Welcome to the fourth and final installment in my series about skill, rule, and knowledge-based mistakes. This series is based on the Skills, Rules, Knowledge (SRK) Model developed by Jens Rasmussen, and the Generic Error-Modelling System (GEMS) developed by Dr. James Reason, (Part 1). I’ve also posted about skill-based errors, (Part 2), and rule-based errors, (Part 3). Today, I’m focusing on knowledge-based mistakes.
These models teach us about the capabilities and limitations of a worker’s cognitive processes. This is significant because we tend to blame workers for mistakes instead of considering his or her decisionmaking process and factors beyond the worker’s control that influenced their decisions. Learn about how you can stop human error more effectively than blaming the worker.
What are Knowledge-based Mistakes?
Workers don’t perform well in stressful, unknown situations when there are no rules, procedures, or familiar routines to guide them. Knowledge-based mistakes occur when workers in these types of situations must improvise and make up the plan as they go along. In some workplace situations, complex systems (a complicated set of controls and displays) lead to knowledge-based mistakes.
Examples of Knowledge-based Mistakes
In the simplest term, a knowledge-based mistake is when “you don’t know what you don’t know.” Workers sometimes have to fall back on problem-solving, and that takes a lot of mental resources.
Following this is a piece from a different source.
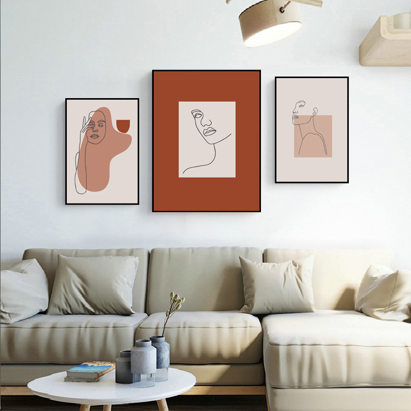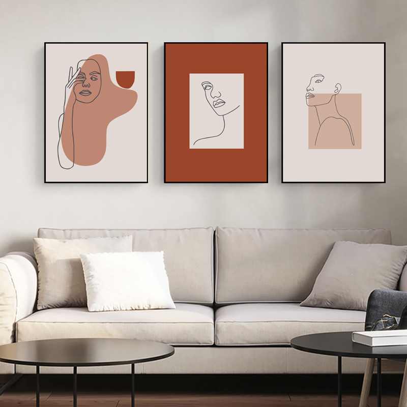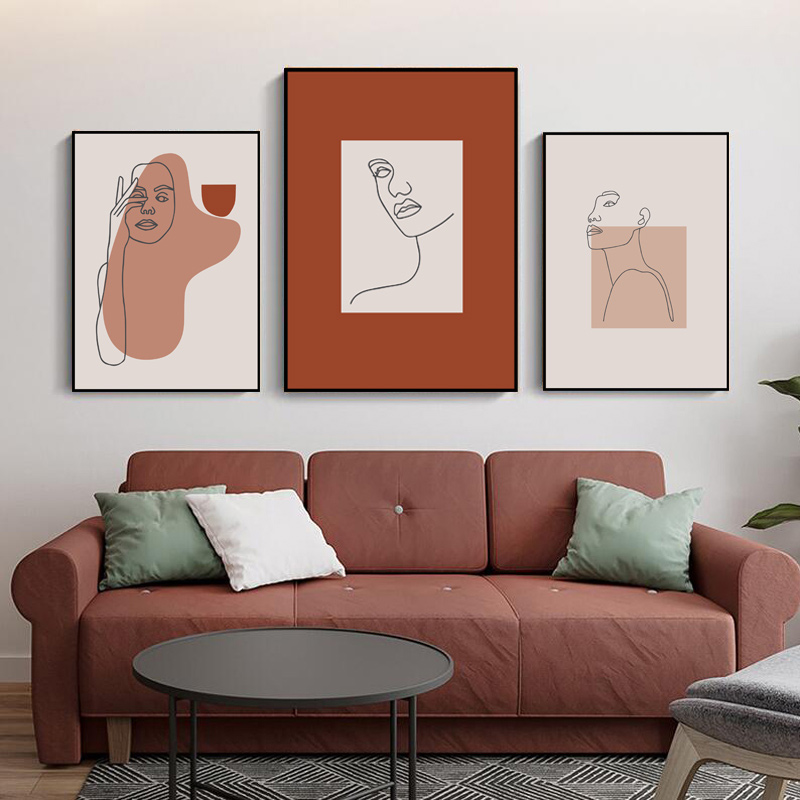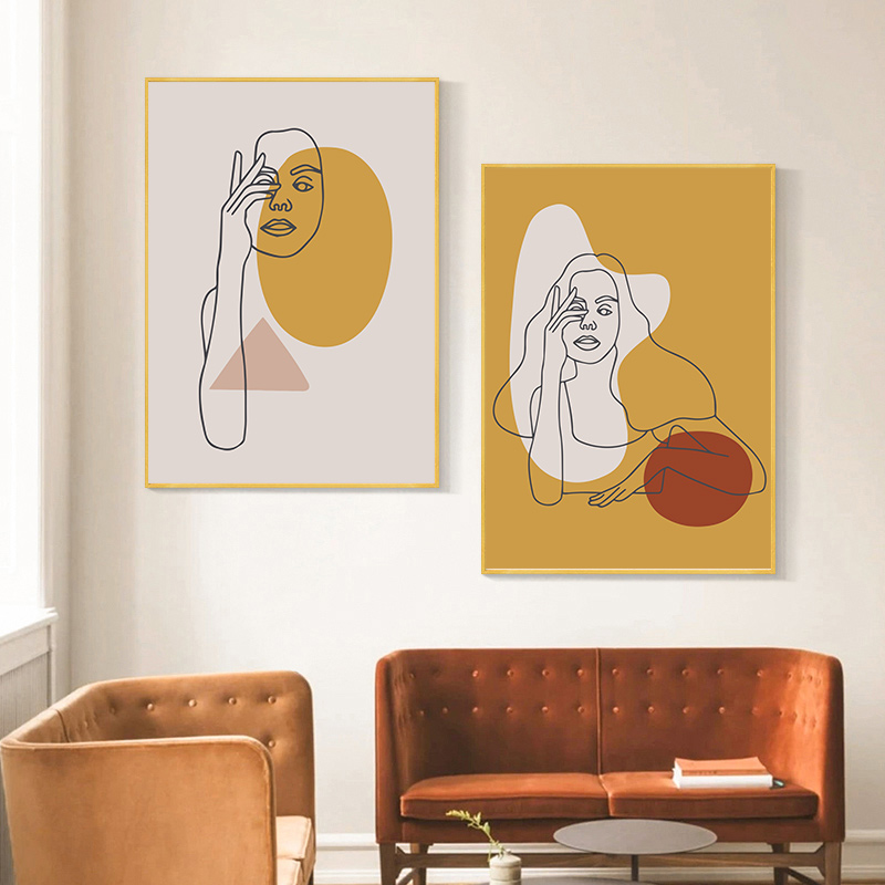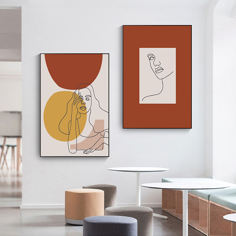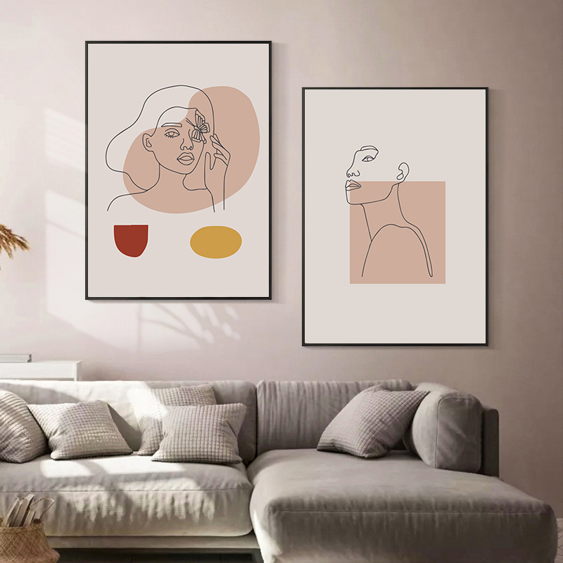 简约北欧小清新莫兰迪色抽象线条人物美女时尚ins装饰画素材

Knowledge-based errors happen when the problem is not analyzed correctly or not analyzed at all.
Here are a few examples:
- A work crew responds incorrectly to a plant upset that isn’t covered in the procedures.
- A technician misdiagnoses the cause of an unusual process upset and takes inappropriate action to correct it.
- A worker responds incorrectly to a multitude of alarms based on an incomplete understanding of the problem.
Are Knowledge-based Mistakes Common?
Knowledge-based mistakes occur less frequently than rule-based mistakes and skill-based errors (the biggest category of errors).
A TapRooT® Root Cause Analysis investigation will help you identify knowledge-based mistakes. The first question in the TapRooT® Root Cause Tree® Dictionary about knowledge-based decisions is: “Did a complex system require a decision by a person with little or no support from procedures or insufficient training to be able to instinctively react as required for a successful outcome?” The tool informs an investigator even if the investigator had never heard of “knowledge-based decisions.”
Incident investigators use the human factors expertise built in the TapRooT® Root Cause Tree® and the TapRooT® Root Cause Tree® Dictionary as part of an investigation process. It takes them beyond their own knowledge so they don’t make knowledge-based mistakes in their investigations!
Mark your Calendar for our Stopping Human Error Course
Join us in Austin, Texas, October 24-25, 2022 to learn more about stopping human error. You’ll learn tried and true strategies as well as how to design a human performance improvement program. It’s the last time this course will be offered this year!
Thanks for joining me for this series!
I hope this series has given you some insight into the cognitive processes of human beings, and how workers can make bad decisions even though they have good intentions or believe they are being rational. Human error is not always a conscious decision, but we can improve the systems in our workplaces to safeguard against slips, lapses, rule-based mistakes, and knowledge-based mistakes.